Segment Open

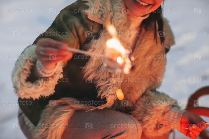 Счастливая женщина жарит сладкий зефир на костре в зимнем лесу
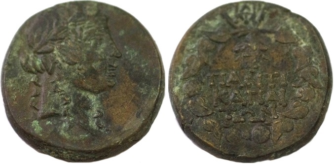 - ПАNTI-КАПАI-TΩN. Венок, над ним монограмма
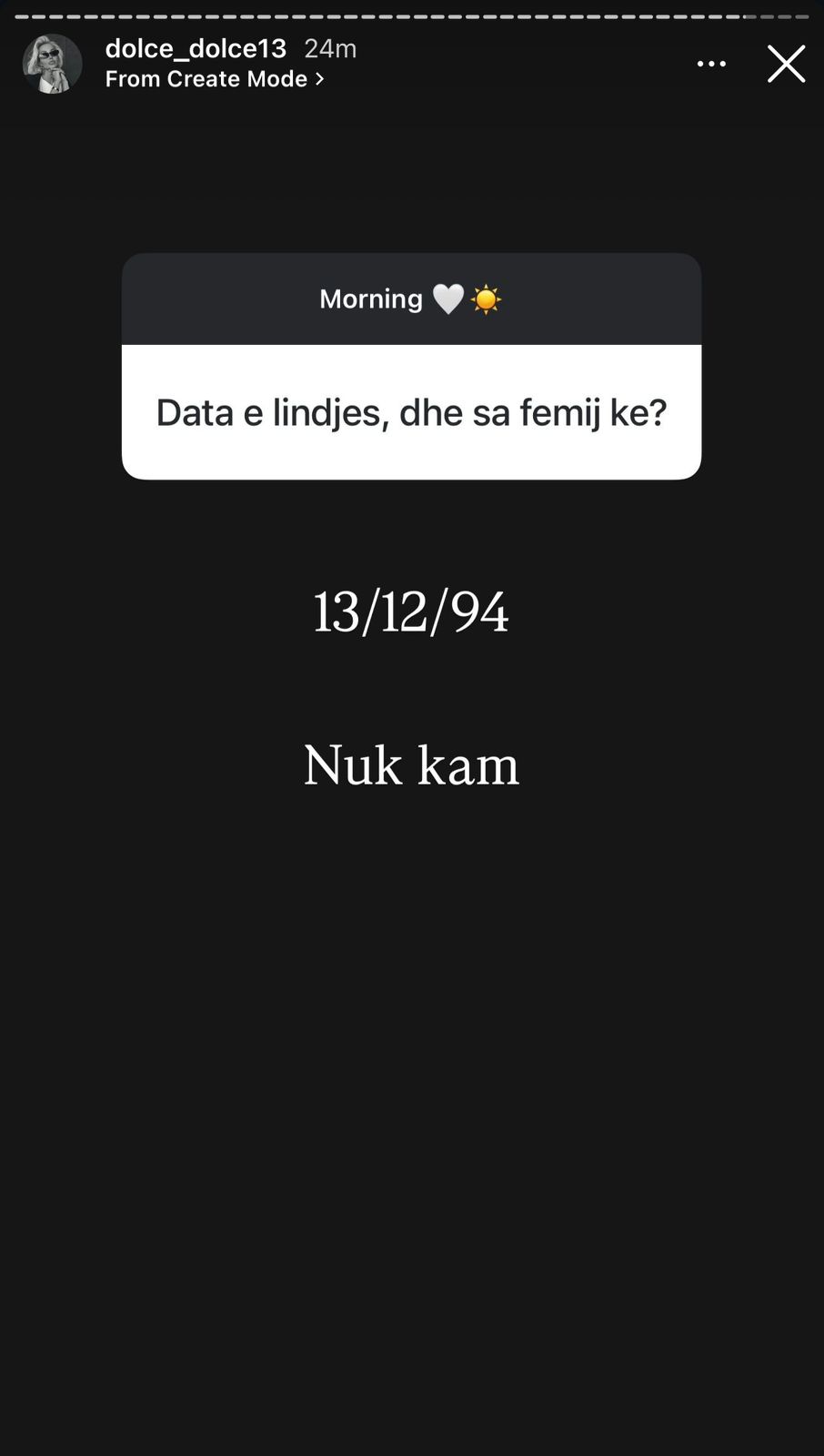 Tashmë, pas daljes nga shtëpia e BBVK, vetë Dolce ka vendosur të përballet me këto pyetje nga publiku. Gjatë një bashkëbisedimi virtual (“Ask”) me ndjekësit e saj në Instagram, ajo u pyet drejtpërdrejt për datën e lindjes dhe nëse është nënë. Dolce zbuloi saktë se ka lindur më 13/12/1994 dhe u përgjigj shkurt e qartë për fëmijët: “Nuk kam”.

Segment Closed

What to do ▸ Repeat the listing above word for word and leave its images out.

Written response ▸
 Счастливая женщина жарит сладкий зефир на костре в зимнем лесу
 - ПАNTI-КАПАI-TΩN. Венок, над ним монограмма
 Tashmë, pas daljes nga shtëpia e BBVK, vetë Dolce ka vendosur të përballet me këto pyetje nga publiku. Gjatë një bashkëbisedimi virtual (“Ask”) me ndjekësit e saj në Instagram, ajo u pyet drejtpërdrejt për datën e lindjes dhe nëse është nënë. Dolce zbuloi saktë se ka lindur më 13/12/1994 dhe u përgjigj shkurt e qartë për fëmijët: “Nuk kam”.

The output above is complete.